This is a common infection that affects men and women. It’s usually harmless but it can be uncomfortable and keep coming back. It is not a sexually transmitted infection (STI).
Symptoms in women
- White discharge (often like curd or cheese), which does not usually smell
- itching and irritation around the vagina
- soreness and stinging during sex or when you pee
Symptoms in men
- irritation, burning and redness around the head of the penis and under the foreskin
- white discharge (like cheese)
- unpleasant smell
- difficulty pulling back the foreskin
What causes fungal infection?
Vagina fungal infection is not classed as a sexually transmitted infection (STI), but it can be triggered by sex.
It is caused by a fungus called candida that is normally harmless.
It tends to grow in warm, moist conditions and develops if the balance of bacteria changes.
This can happen if:
- your skin is irritated or damaged
- you’re taking antibiotics unsupervised
- you have poorly controlled diabetes
- you’re pregnant
- you have a weakened immune system (for example, because of HIV or chemotherapy)
- you’re having hormone replacement therapy (HRT)
Do’s
- use water instead of soap to wash the affected area
- dry properly after washing
- wear cotton underwear
- avoid sex until infection has cleared up if sex is uncomfortable
Don’t
- do not use soaps or shower gels
- do not use douches or deodorants on your vagina or penis
- do not wear tight underwear or tights
See a gynaecologist if :
- you have the symptoms of fungal infection for the first time
- you’re under 16 or over 60
- infection keeps coming back (more than 4 times in 12 months)

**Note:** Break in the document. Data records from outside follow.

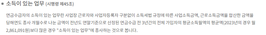 즉, 이 금액을 초과하게 되면 국민연금 수령액이 감액됩니다. 월평균 소득금액에는 사업소득, 근로소득을 합산한 금액을 1월 ~ 12월로 나눠 계산합니다.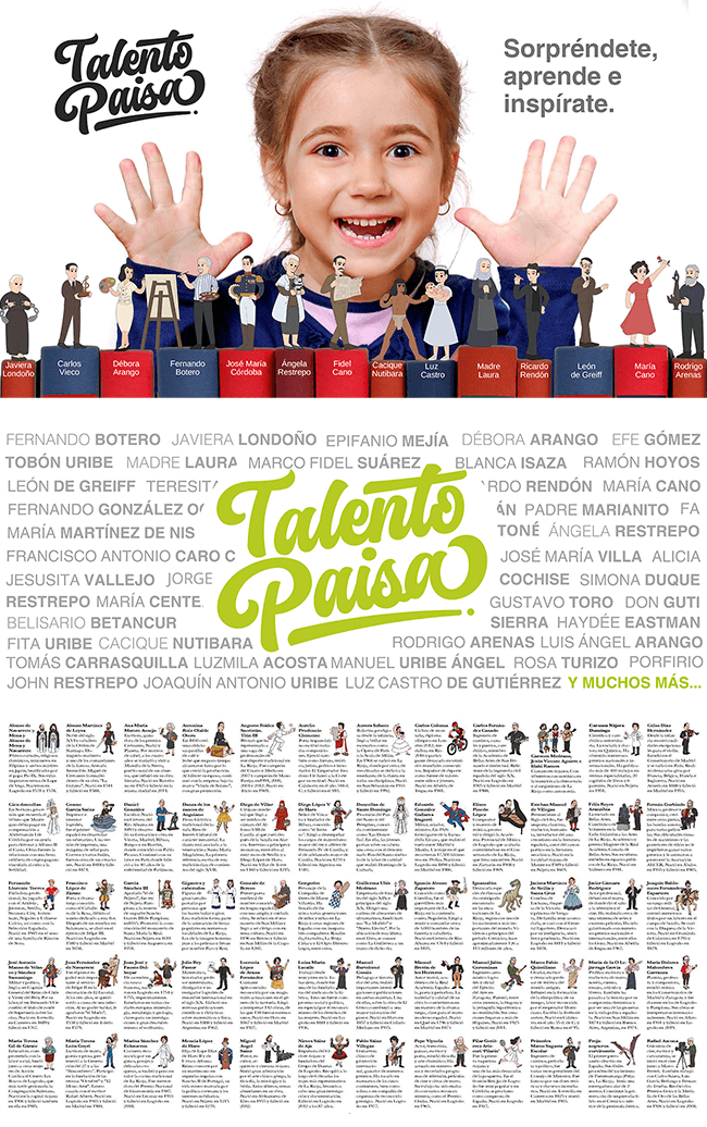 En este contexto crearon «Talento Paisa», iniciativa que igualmente difunde entre las nuevas generaciones de Antioquia los personajes que forman parte de la identidad de la región para que su legado se mantenga vivo por medio de la inspiración que suscitan sus valores y sus obras. Su propósito es completar pronto las reseñas e ilustraciones de un centenar de personajes antioqueños de todos los tiempos para tener un primer conjunto de hombres y mujeres que representan el «talento paisa». Las ilustraciones formarán parte de un rompecabezas con el que se financiará parcialmente la iniciativa y se facilitarán gratuitamente las fichas didácticas de los personajes a los centros educativos que deseen utilizar el material.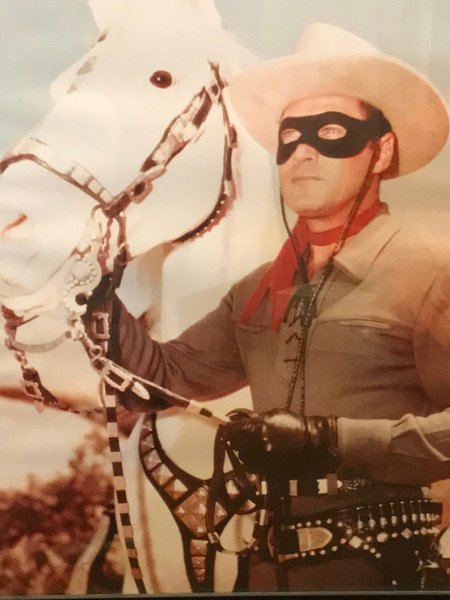 Färgfoto i riktigt fotopapper av ”The lone ranger ”- Clayton Moore. Storlek 50x40 cm. Skickas rullad i tub.
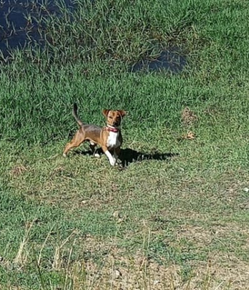 Es una mezcla de fox terrier y podenco, de color marrón (café con leche) con una mancha blanca del cuello hacía abajo. Responde al nombre de Koty.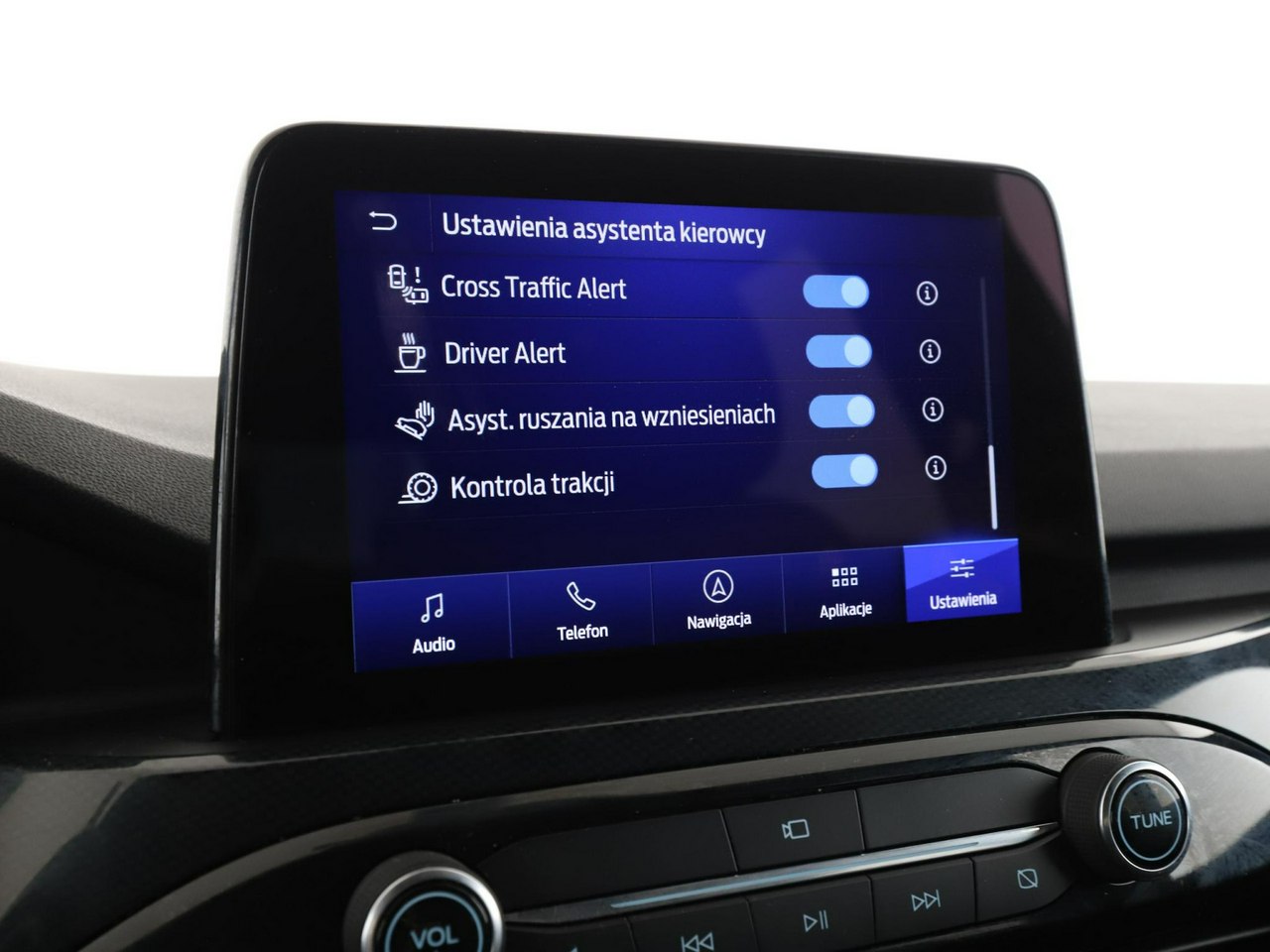 ABS, ASR (kontrola trakcji), Czujnik deszczu, Czujniki parkowania tylne, Asystent parkowania, Asystent pasa ruchu, Czujnik martwego pola, Czujniki parkowania przednie, Poduszka powietrzna kierowcy, Poduszka powietrzna pasażera, Poduszki boczne przednie, ESP (stabilizacja toru jazdy), Isofix, Kamera cofania, Elektryczne szyby przednie, Elektryczne szyby tylne, Elektrycznie ustawiane lusterka, Podgrzewane przednie siedzenia, Przyciemniane szyby, Wspomaganie kierownicy, Tapicerka tekstylna, Bluetooth, Gniazdo USB, Radio fabryczne, Nawigacja GPS, Centralny zamek, Komputer pokładowy, Relingi dachowe, Tempomat, System Start-Stop, Tempomat aktywny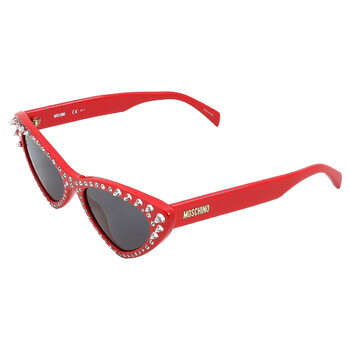 Moschino Sunglasses. Series number: MOS006/S/STR. Color code: 0C9A/IR. Shape: Cat Eye. Lens Width: 52 mm. Lens Bridge: 18 mm. Arm Length: 140 mm. 100% UV protection. Frame Material: Acetate. Frame Color: Red. Lenses Type: Grey. Rim Style: Full-Rim. UPC/EAN code: 716736413365. Moschino Grey Cat Eye Ladies Sunglasses MOS006/S/STR 0C9A/IR 52.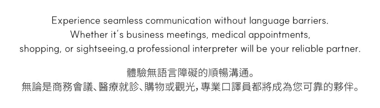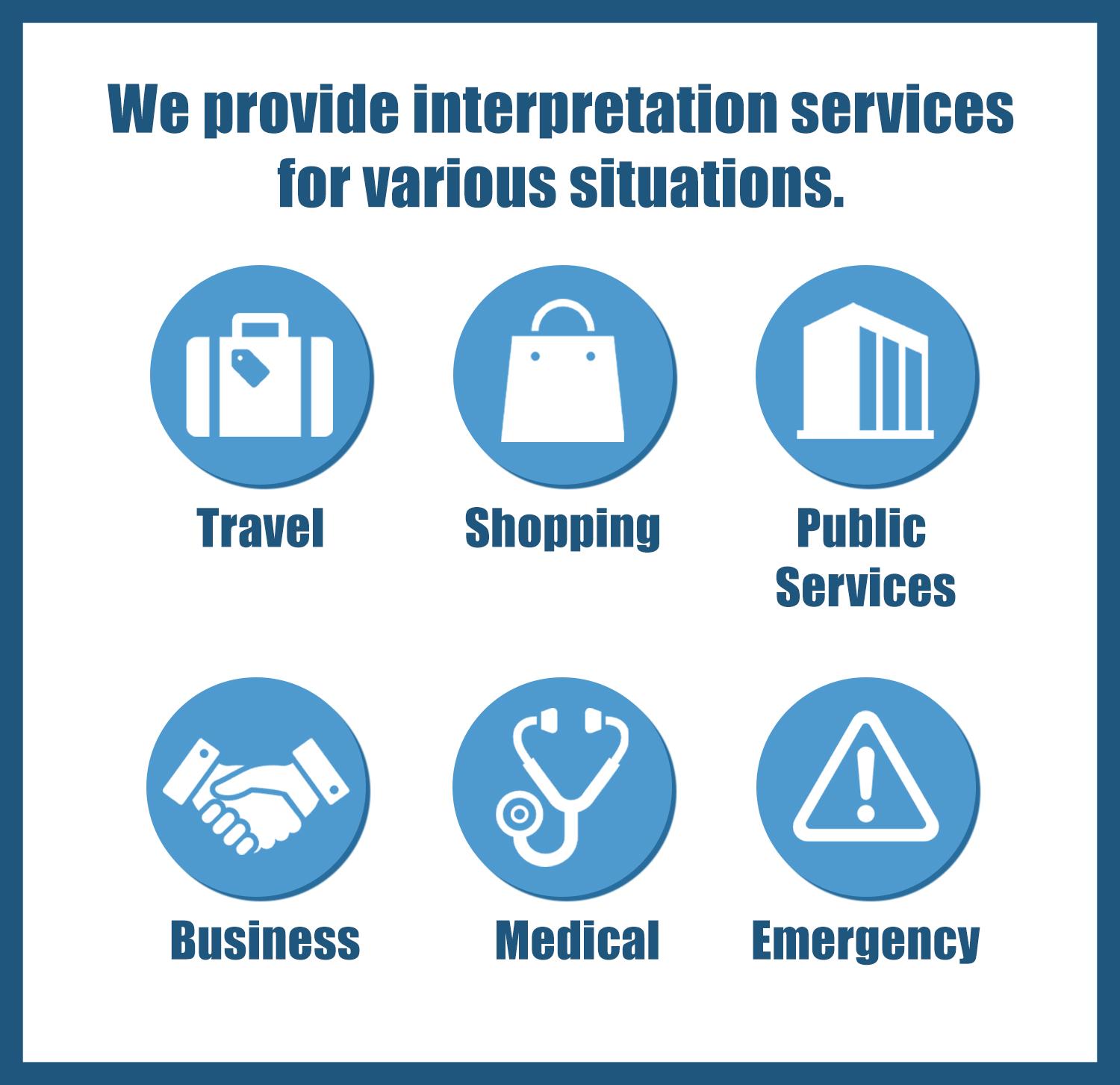 - From business meetings and medical consultations to shopping and sightseeing, our professional interpreters provide accurate and natural interpretation tailored to every situation.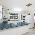 • Practical laundry with stainless steel trough, washer/dryer recess, overhead cupboard and built-in linen cupboard.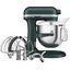 Обратите внимание на цвет миксера Китчен Эйд — пальмовый — он может стать как гармоничным дополнением кухонной обстановки, так и ярким акцентом. В комплекте с самим прибором идут дополнительные элементы: венчик для взбивания, крюки для теста, насадка-лопатка для перемешивания, лопатка с гибким ребром, защитный обод. Также производитель предусмотрел вариант расширения функционала до кухонного комбайна.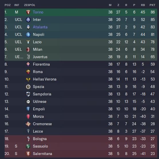This is my attempt to replicate the idea of Gasperini's Atalanta while adding Torino's mentality of defensive play. Last season Torino was the tightest team at the with exception of the top 4. This allowed them to upgrade from being a bottom table team in 18/19, 19/20 to a mid-table team. They also managed to win with Milan just recently, scoring 1:0 in the stoppage time, while having only 10 players on the pitch for the last 50 minutes. Out of 33(!) Milans attempts only 8 were on target.

- treatment has not worked
- you’re pregnant or breastfeeding
- you have a weakened immune system – for example, because of diabetes, HIV or chemotherapy
What happens at your appointment
The gynaecologist will want to confirm it’s fungal and rule out other infections.
You’ll be asked about your symptoms and you will need an external or internal examination of your vagina.
If it’s not clear it’s fungal, you may need further tests and a cotton bud may be wiped over the discharge to test for other infections
Treatment
You’ll usually need antifungal medicine to get rid of the infection. This can be a tablet you take, a tablet you insert into your vagina (pessary) or a cream to relieve the irritation.
It should clear up within 7 to 14 days of starting treatment.
You do not need to treat partners unless they have symptoms.
Recurring vaginal fungal infection
You might need to take treatment for longer (for up to 6 months) if you keep getting it (you get it more than 4 times in 12 months).
A gynaecologist can help identify if something is causing your infection. They’ll recommend how often you should use treatment. You should not use antifungal medicine without supervision from your gynaecologist.
If you have sex during treatment, be aware that antifungal creams can damage condoms and diaphragms. This means your contraception might not work.